Related article: https://neosmart.net/wiki/mbr-boot-process/
But,
in case of UEFI, I'm having trouble grasping this sequence.
I've already glanced UEFI spec documentation and OS Dev UEFI part.
UEFI: https://uefi.org/sites/default/files/resources/UEFI_Spec_2_8_final.pdf
OS Dev: https://wiki.osdev.org/UEFI
It seems this efi_main() function works as the point equivalent to 0x7C00 in BIOS mode. But how?
Is UEFI firmware doing something like
jmp efi_main
after performing a series of jobs?
Q1. How is UEFI boot mode flows?
Q2. Is there a good UEFI example or tutorial like brokenthorn that of BIOS based?
P.S.
I've seen the news (which years have passed already) that Intel removes BIOS support by 2020.

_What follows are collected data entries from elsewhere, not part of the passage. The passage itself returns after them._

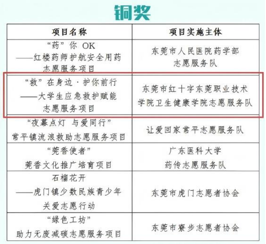 近日,由团市委、市委社会工作部等17个部门联合主办,以“助力‘百千万’青春志愿行”为主题的2025年“益苗计划”东莞志愿服务项目大赛圆满落幕。本次大赛旨在推动东莞志愿服务事业高质量发展,大力培育发展特色志愿服务项目。我校卫生健康学院张巍、姜林辉、卢俏茵三位老师指导的“‘救’在身边·护你前行——大学生应急救护赋能志愿服务项目”凭借扎实的工作基础、专业的团队结构以及创新的服务模式,在全市212个申报项目中脱颖而出,荣获培育发展项目铜奖。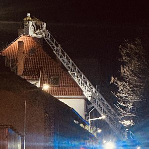 Mimo że strażacy do ugaszenia pożaru używają drabiny, nie ma utrudnień w ruchu na ul. Nowej, ponieważ działania prowadzone są z podwórza budynku. Nie ma także poszkodowanych.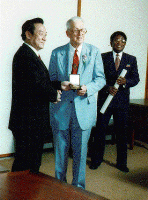Professor Suomi, center, receives the 38th annual IMO prize from WMO Present Zou Jingmeng (left) and WMO Secretary General, G.O.P Obasi | ![]() |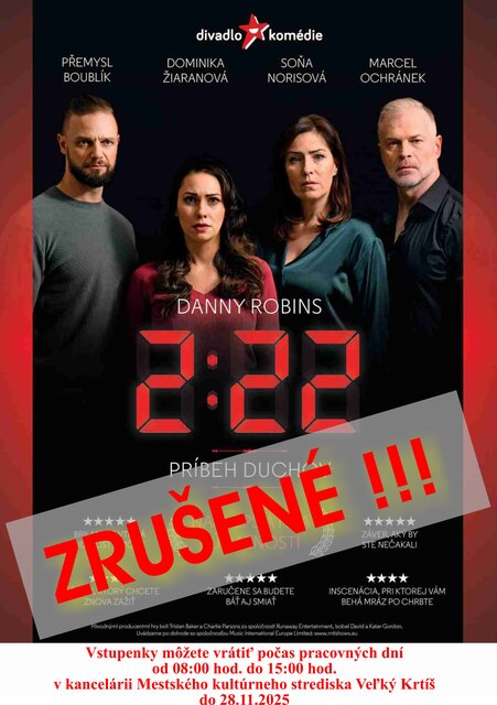 Vstupenky môžete vrátiť počas pracovných dní od 08:00 hod. do 15:00 hod. v kancelárii Mestského kultúrneho strediska Veľký Krtíš od 27.10. 2025 do 28.11.2025.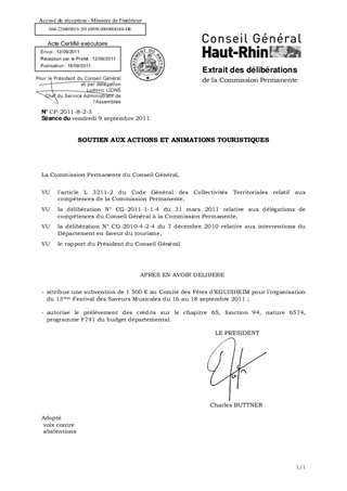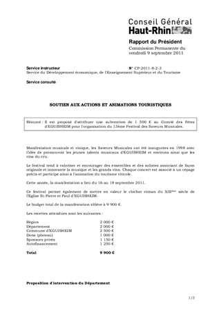 Il est proposé d'attribuer une subvention de 1 500 € au Comité des Fêtes d'EGUISHEIM pour l'organisation du 13ème Festival des Saveurs Musicales.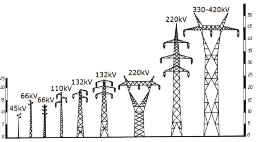 Au cours de ce processus, il existe la relation suivante entre la tour de fer et la transmission de puissance et la tension de transformation: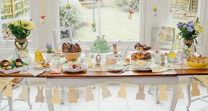 Начните с веселой скатерти с весенним принтом — цветы, зайцы или яйца отлично подойдут. Используйте пластиковую посуду ярких цветов, чтобы избежать неприятностей с разбитыми тарелками.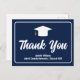 Cette moderne carte de fin d'études personnalisée bleu marine et blanc présente un remerciement manuscrit élégant au-dessus du nom de votre lycée ou université pour la promotion 2025. Personnalisez avec votre nom sous la casquette de diplômé pour des cartes de remerciement personnalisées pour diplômés.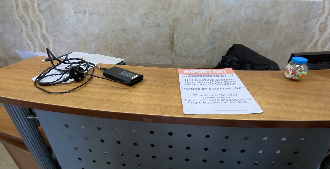 울란바토르의 첫인상은 굉장히 추웠다. 우리는 5월 초에 도착했는데 공항을 나오자마자 처음으로 했던 말이 ‘생각보다 춥다'였다. 매니저님이 배우 조진웅을 닮았다고 소개해준 푸제 가이드와 어색하게 첫 인사를 하고, 차에 짐을 실었다. 시내로 가는 길은 꽤나 멀었다. 아니, 거리가 먼 것보다 차에 갇혀있어서 길게 느꼈을지도 모른다. 정말 거짓말 하나 보태지 않고 한시간은 차가 움직이질 못했다. 그렇게 다들 피곤에 쩌든 상태로 울란바토르 숙소에 도착했는데, 하필이면 우리가 간 날 울란바토르 전역의 히터가 작동하지 않는다고 했다. 그리고 숙소 리셉션에 남겨져있던 안내문 하나.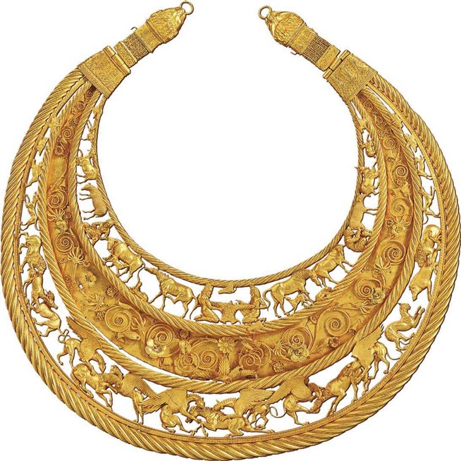 Скифская золотая пектораль из кургана Толстая Могила в Днепропетровской области. 4 век до н.э. Музей исторических драгоценностей Украины, Киев. Пектораль была обнаружена в 1971 году археологической экспедицией под руководством Б.Н. Мозолевского.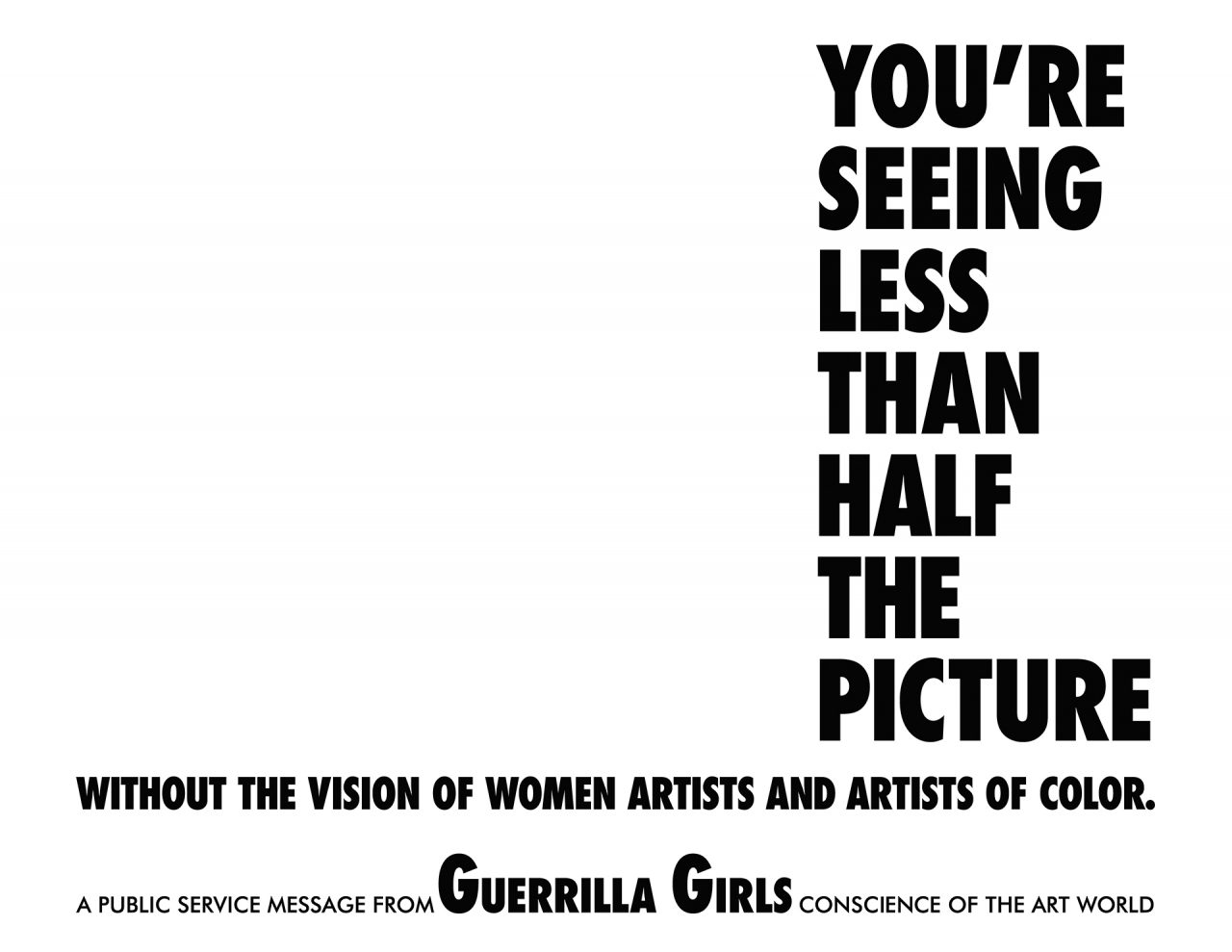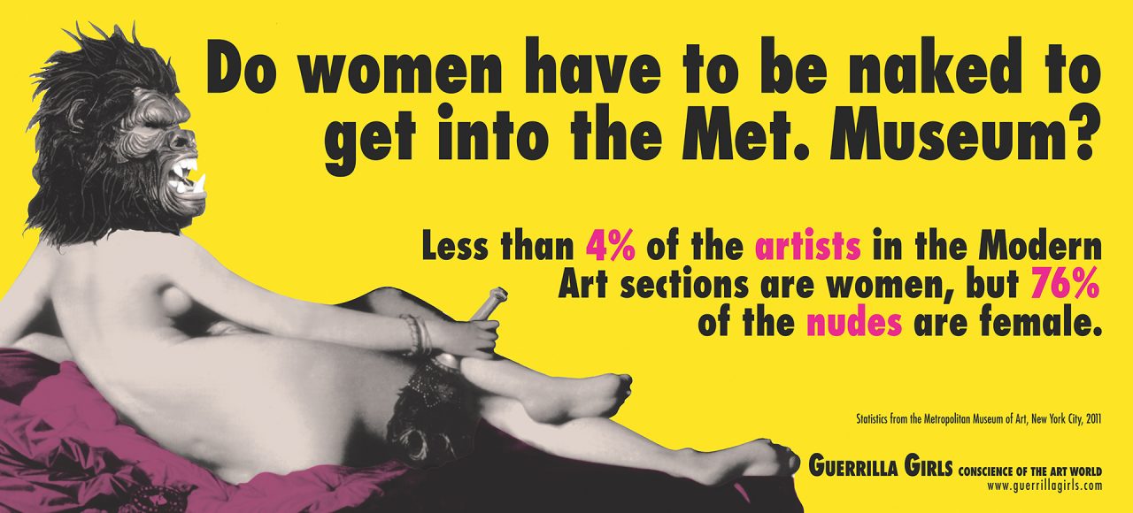 1985年にニューヨークで結成された Guerrilla Girls は、現在に至るまで55名以上の匿名のメンバーで構成され、「『F』ワードの再解釈 : フェミニズム !」をモットーに活動してきた。彼女たちは偽名を使い、ゴリラのマスクを着用し、事実と皮肉、ユーモアとインパクトのあるヴィジュアルを交えた作品で公共に介入し、政治や文化の腐敗や性差別、人種差別を暴き出すことで、アート界に立ちはだかる壁を打ち壊そうとしている。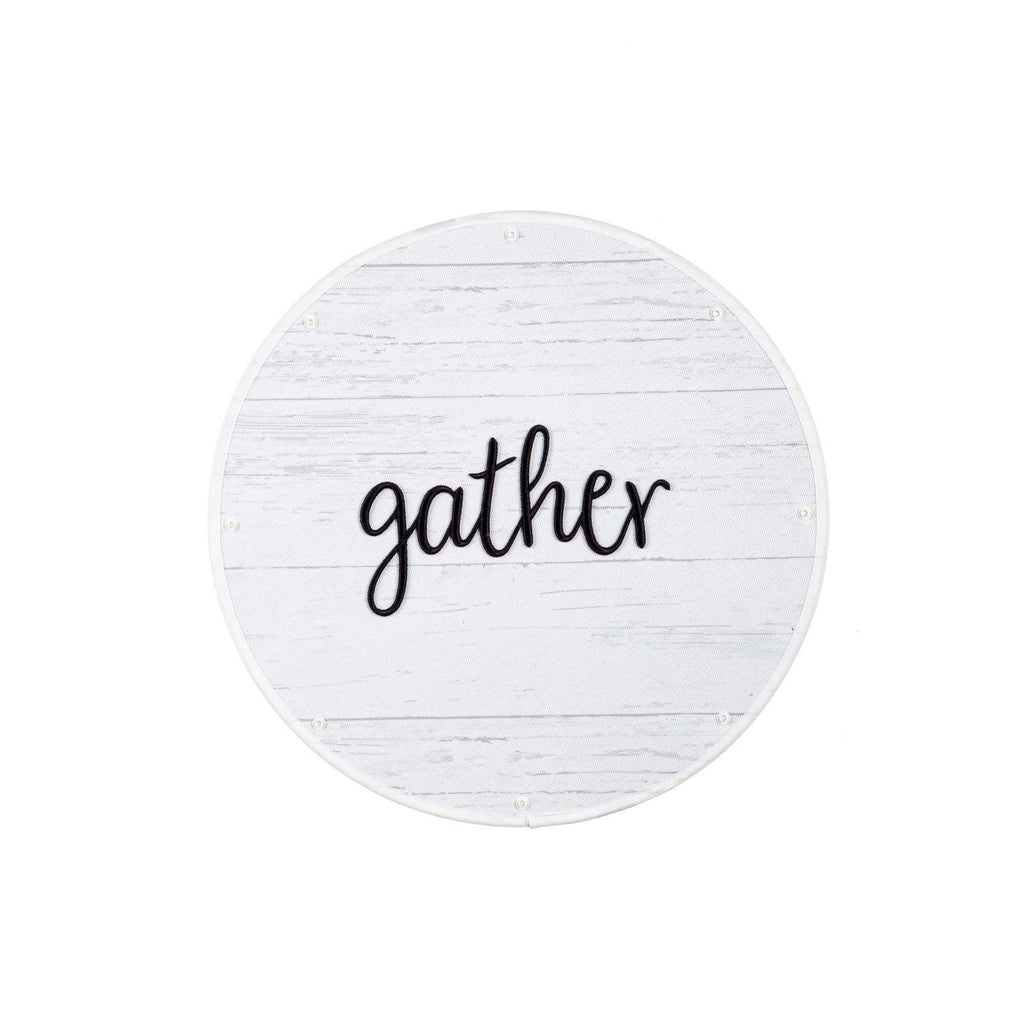 Make sure your front door is ready for seasonal get-togethers with this Gather Sassafras Switchable Door Décor Insert. This insert features a sentimental "gather" message in elegant black letters against a white wood background that offers a rustic touch. The insert easily snaps onto the back of our sassafras frames for an integrated look you can change season after season. The decor is crafted from 100% polyester, making it safe for indoor or outdoor use. Our new sassafras door décor features a hidden loop on the back which can be paired with our over-the-door hangers, sold separately.

https://www.anandtech.com/show/12068/intel-to-remove-bios-support-from-uefi-by-2020
It says
Once CSM is removed, the new platforms will be unable to run 32-bit operating systems, unable to use related software (at least natively), and unable to use older hardware, such as RAID HBAs (and therefore older hard drives that are connected to those HBAs), network cards, and even graphics cards that lack UEFI-compatible vBIOS (launched before 2012 – 2013)
Q3. Doesn't it mean that everything related to BIOS booting (first stage bootloader at 0x7C00 and BIOS interrupts and etc) becomes deprecated?